We will look to it, then, that in future at least it shall be for the better. If it have been hitherto for the worse, we will this very hour embrace that already purchased pardon, which obliterates in an instant the guilt of a whole past career of sin, and that grace proffered by Christ no less gratuitously, which renews the will unto newness of life. And tomorrow we will, in the strength of that grace, make a new beginning, taking up this anthem into our mouths; "All my fresh springs shall be in Thee."

CHAPTER III.

OF THE ENTIRE DEPENDENCE OF SANCTITY ON CHRIST, AND OF THE RELATION WHICH THE MEANS OF

GRACE HOLD TO HIM.

"Abide in Me, and I in you.

As the branch cannot

bear fruit of itself, except it abide in the vine; no more can ye, except ye abide in Me.

"I am the vine, ye are the branches; he that abideth in

Me, and I in him, the same bringeth forth much fruit: for without Me ye can do nothing.”—ST. JOHN xv. 4, 5.

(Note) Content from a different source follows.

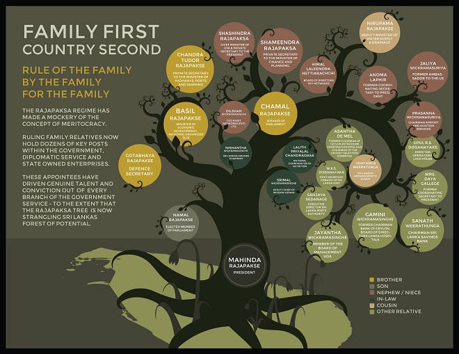 Với việc có người giữ những vị trí cao như vậy, nhiều người cho rằng gia tộc Rajapaksa đã thực sự trở thành thế lực kiểm soát mọi khía cạnh của cuộc sống của người dân Sri Lanka, biến chính phủ Sri Lanka trở thành một doanh nghiệp gia đình.

THE subject of this treatise is Personal Religion, or, in other words, that " holiness, without which no man shall see the Lord." It is evident that we shall be liable to misapprehend the subject fundamentally, unless we have at the outset a clear notion of the nature of Christian holiness. It is to give the reader this clear notion that the present Chapter will be devoted.

In the passage which stands at the head of it, there is a slight inaccuracy of translation, which requires to be set right before the force of Our Lord's words can be thoroughly appreciated. "Without Me ye can do nothing," should rather be rendered," Apart from Me," "separate from Me," "in a state of independence on

Me, ye can do nothing." "Apart from Me," by no means conveys the same idea as 66 Without Me." The latter would imply merely that unless Christ concurred with His people in their efforts, they could do nothing. "Apart from Me," goes beyond this. It implies that He is the alone originating Source of all sanctity in them. "Without" the concurrence and assistance of a strong person, a weak one cannot lift a heavy weight; but the dependence of the weak person on the strong in order to lift the weight, is not the dependence which the word here employed indicates. "Apart from" the soul (or principle of life) the body is motionless, and cannot stir a finger. This is the sort of dependence indicated in the passage before us. Christ is to the Christian the alone source of sanctification or spiritual life, just as the soul is to the body the alone source of natural life.

I do not know that any other prefatory observation is needed, except that "the fruit" mentioned in this passage generically is specifically, and in detail, those fruits of the Spirit which are enumerated by St. Paul in Gal. v., "Love, joy, peace, longsuffering, gentleness, goodness, faith, meekness, temperance." The fruit consists in certain holy tempers and affections of heart, the possession of which will uniformly ensure right conduct, but which are much more easily seen to be absolutely dependent upon Christ's working than right conduct itself is. If a man be commanded by God to do any action whatsoever, he can string up his will to do it. But when certain sentiments and dispositions are required of him, which involve a thorough change of the heart's natural propensities, that is another matter. The affections are far less under the will's control than the actions are.-That these gracious sentiments and dispositions are called by the Apostle, fruits of the Spirit, and by His Divine Master, fruit proceeding from Himself, the true Vine, need not cause any difficulty. In Christ dwelleth all the fulness of the Godhead bodily. He is the smitten Rock of the wilderness, through whom alone the living

His

waters force their passage to polluted man. glorified humanity is the appointed receptacle of Grace, from which Grace emanates into all the moral universe. Hence the Spirit is called the Spirit of God's Son.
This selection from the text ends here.